Muito pelo contrário, mesmo estando em diferentes níveis de reabilitação pós-AVC, há uma tendência muito forte em escutar o outro, tanto que quando um cai, outro o levanta, sem impor condições ou pedir nada em troca. Dizem que a empatia é um sentimento complexo e transformador, naturalmente presente em cérebros altamente habilidosos e… Lesionados. Tudo porque se o órgão ficou diferente, consequentemente pensamos diferente. Passamos a ver tudo com outros olhos.

Chamo todo esse excepcional e diferente funcionamento sensorial, cognitivo e emocional de poder do desmiolo. Ele está presente em toda pessoa com o lesão encefálica adquirida. E por isso é tão difícil se adaptar a imensa quantidade de informações no primeiro ano de AVC. Além de o corpo estar diferente, todo detalhe do mundo externo chega ao nosso aumentados. É difícil se acostumar.

Um outro potencial do desmiolo é o senso de união. Nossa extensa capacidade de nos conectarmos é tamanha ao ponto de nos considerarmos uma grande família, que unida pode conseguir tudo.
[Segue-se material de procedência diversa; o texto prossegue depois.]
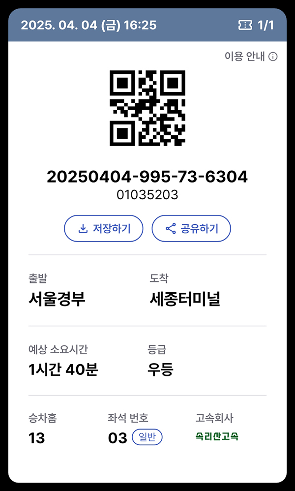 ⇨ 결제가 완료되면 "고속버스티머니" 앱의 홈화면의 [예매확인 및 변경]에서 예매한 티켓을 확인할 수 있습니다.

No último dia 29 de outubro: o dia mundial de combate ao AVC, quase quebramos a internet do nosso mundo. Neste dia, sobreviventes do mundo inteiro contaram suas histórias, divulgaram os sinais e exigiram mais respeito e direitos por uma simples razão: não queremos que mais pessoas sofram o que sofremos diariamente. E se isso acontecer, que elas tenham as oportunidades que não tivemos ao ponto de retornarem com dignidade ao mundo que um dia pertencemos. Também queremos mais respeito e dignidade para aproximar esses dois mundos (o nosso e o de vocês). Afinal, vivemos fisicamente só em um, não é mesmo?

Sabe de uma coisa? Acho que iremos conquistar este objetivo apesar de ele ser considerado impossível para muitos. Somos sobreviventes de AVC, lidar com o impossível faz parte do nosso dia a dia. Podemos não ter mais a força física de antes, mas adquirimos o poder de lutar pelo que acreditamos: desde um simples caminhar até uma mudança efetiva na sociedade. Temos um potente cérebro machucado, e com ele salvaremos vidas antes, durante e após o AVC. Somos poderosos e o poder do desmiolo ainda vai dominar o mundo! Você vai ver!

Principais sinais do AVC: sorriso torto, dificuldade de falar ou compreender, falta de equilíbrio e força de um lado do corpo e dor de cabeça subida e muito forte. Leve a pessoa para o hospital urgentemente.